Macrolides and ketolides are classes of antibiotics prescribed to combat bacterial infections. They function by interfering with the bacteria’s ability to produce proteins, which are necessary for their survival and multiplication.
How These Antibiotics Work
Macrolides and ketolides target the bacterial ribosome, a complex molecular machine responsible for protein synthesis. Specifically, they bind to the 50S ribosomal subunit. This binding action obstructs the ribosome’s ability to move along the messenger RNA (mRNA) and add amino acids to the growing protein chain, a process known as translocation.
By inhibiting this step, macrolides and ketolides prevent bacteria from synthesizing the proteins they require for growth and reproduction. This interference with protein production can either stop the bacteria from multiplying (a bacteriostatic effect) or, in some cases, lead to the bacteria’s death (a bactericidal effect). The targeted nature of this mechanism ensures that human cells, which have different ribosomal structures, are largely unaffected.
Common Uses
Macrolides and ketolides are used for bacterial infections, particularly those affecting the respiratory tract. These include such as community-acquired pneumonia, bronchitis, and sinusitis.

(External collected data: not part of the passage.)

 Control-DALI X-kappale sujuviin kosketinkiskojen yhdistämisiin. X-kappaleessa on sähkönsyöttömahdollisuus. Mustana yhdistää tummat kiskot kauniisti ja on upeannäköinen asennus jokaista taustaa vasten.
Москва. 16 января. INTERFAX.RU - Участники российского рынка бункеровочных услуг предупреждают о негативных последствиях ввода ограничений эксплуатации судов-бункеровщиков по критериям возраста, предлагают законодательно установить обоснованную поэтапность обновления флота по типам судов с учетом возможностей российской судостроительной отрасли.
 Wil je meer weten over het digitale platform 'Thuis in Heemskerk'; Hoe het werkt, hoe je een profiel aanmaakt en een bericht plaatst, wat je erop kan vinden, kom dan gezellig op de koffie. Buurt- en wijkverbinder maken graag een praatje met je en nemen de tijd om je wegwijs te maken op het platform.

They also treat skin and soft tissue infections.
Beyond respiratory and skin ailments, these antibiotics are effective against sexually transmitted infections. Their broad spectrum also extends to atypical microorganisms, such as Mycoplasma pneumoniae, Chlamydia pneumoniae, and Legionella pneumophila, which are common causes of pneumonia. Macrolides can also be an alternative for patients who have allergies to penicillin.
Understanding the Differences
Ketolides are a newer generation of antibiotics derived from macrolides, specifically erythromycin A. The primary structural modification distinguishing ketolides from macrolides is the replacement of a sugar molecule (L-cladinose) at position 3 of the macrolactone ring with a keto group. This change provides ketolides with greater acid stability and enhances their ability to bind to the bacterial ribosome.

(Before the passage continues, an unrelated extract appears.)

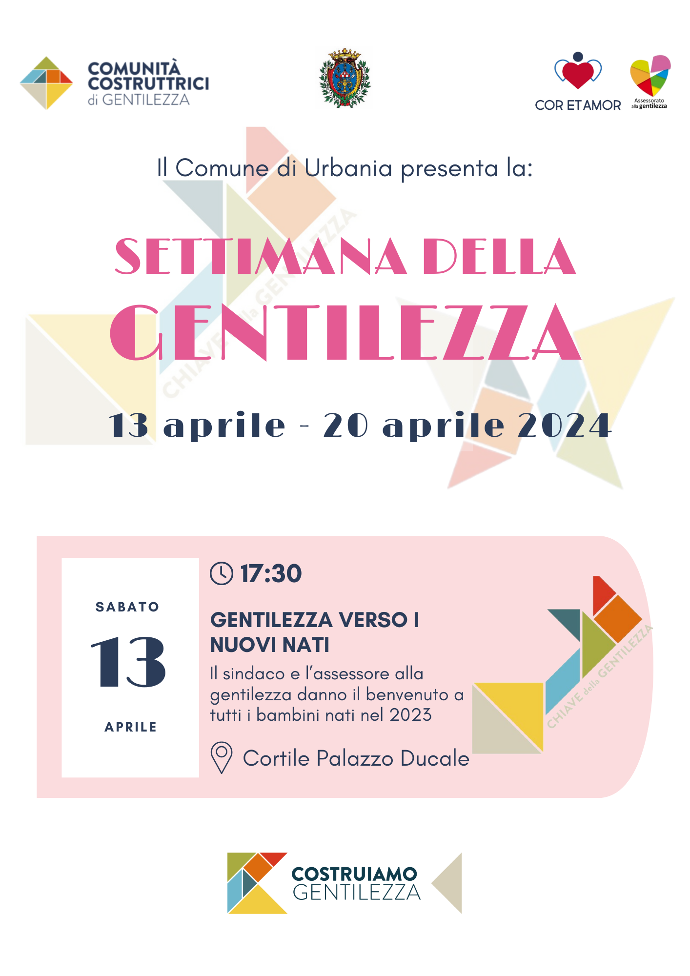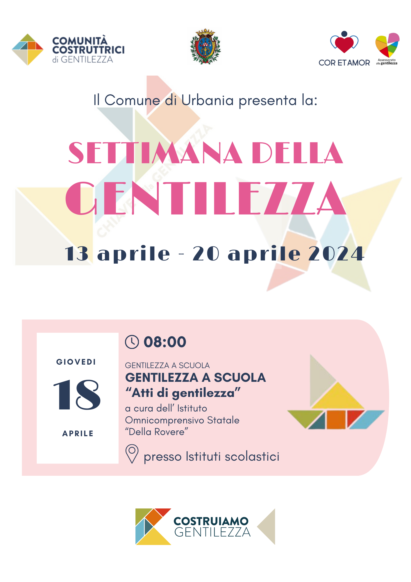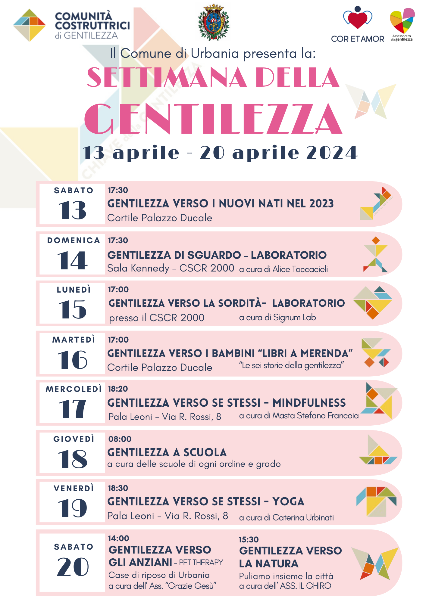 Il Comune di Urbania ha aderito, anche per quest'anno, alla rete delle comunità costruttrici di gentilezza, nell’ambito del progetto nazionale "Costruiamo Gentilezza" promosso dall'Associazione culturale Cor et Amor.

This structural alteration in ketolides like telithromycin allows them to maintain activity against bacterial strains that have developed resistance to macrolides. Telithromycin exhibits increased potency and a lower risk of inducing bacterial resistance compared to macrolides. It achieves this by binding to two distinct regions (domains II and V) of the 23S ribosomal RNA, whereas macrolides typically bind only to domain V. This dual binding helps ketolides overcome resistance mechanisms like ribosomal methylation, which can alter the macrolide binding site.
Important Considerations for Patients
Patients taking macrolides or ketolides may experience side effects, with gastrointestinal upset being common, including nausea, vomiting, and diarrhea. Dizziness can also occur. Less common but serious side effects include liver toxicity, particularly with ketolides like telithromycin, which necessitates regular monitoring of liver function for patients on these drugs.
These antibiotics can also interact with other medications, potentially leading to increased drug levels and adverse effects. For example, macrolides, especially erythromycin and clarithromycin, can interfere with the cytochrome P450 CYP3A4 enzyme in the liver, which metabolizes many drugs, including statins and anticoagulants like warfarin. Complete the entire prescribed course of antibiotics, even if symptoms improve, to ensure the infection is fully eradicated and to help prevent the development of antibiotic resistance. Patients should always consult their healthcare professional about any concerns regarding side effects or potential drug interactions.